Author: Joseph Lasalle
Publisher: Elsevier
ISBN: 0323147305
Format: PDF
Download Now
Nonlinear Differential Equations and Nonlinear Mechanics provides information pertinent to nonlinear differential equations, nonlinear mechanics, control theory, and other related topics. This book discusses the properties of solutions of equations in standard form in the infinite time interval. Organized into 49 chapters, this book starts with an overview of the characteristic types of differential equation systems with small parameters. This text then explains the structurally stable fields on a differentiable two manifold are the ones that exhibit the simplest features. Other chapters explore the canonic system of hyperbolic partial differential equations with fixed characteristics. This book discusses as well the monofrequent oscillations that are predominantly near one or the other of the linear modes of motion. The final chapter deals with the existence and asymptotic character of solutions of the nonlinear boundary value problem. This book is a valuable resource for pure and applied mathematicians. Aircraft engineers will also find this book useful.

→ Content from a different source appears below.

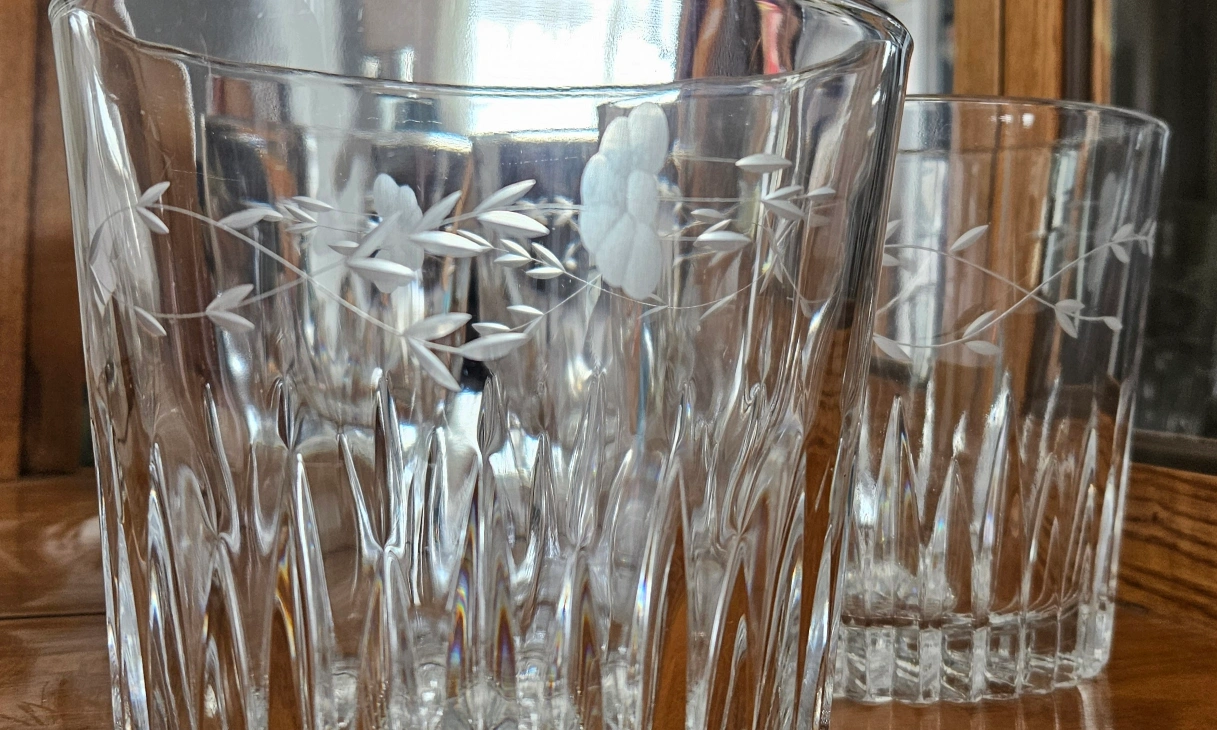 Heritage Pattern of Finely Etched Frosted Flowers and Leafs on Front and Back & Smooth Indented Arches accenting the base.

A Practical Course in Differential Equations and Mathematical Modelling

Author: Nail H. Ibragimov
Publisher: World Scientific
ISBN: 9814291951
Format: PDF, ePub, Mobi
Download Now
A Practical Course in Differential Equations and Mathematical Modelling is a unique blend of the traditional methods of ordinary and partial differential equations with Lie group analysis enriched by the author?s own theoretical developments. The book ? which aims to present new mathematical curricula based on symmetry and invariance principles ? is tailored to develop analytic skills and ?working knowledge? in both classical and Lie?s methods for solving linear and nonlinear equations. This approach helps to make courses in differential equations, mathematical modelling, distributions and fundamental solution, etc. easy to follow and interesting for students. The book is based on the author?s extensive teaching experience at Novosibirsk and Moscow universities in Russia, CollŠge de France, Georgia Tech and Stanford University in the United States, universities in South Africa, Cyprus, Turkey, and Blekinge Institute of Technology (BTH) in Sweden. The new curriculum prepares students for solving modern nonlinear problems and will essentially be more appealing to students compared to the traditional way of teaching mathematics.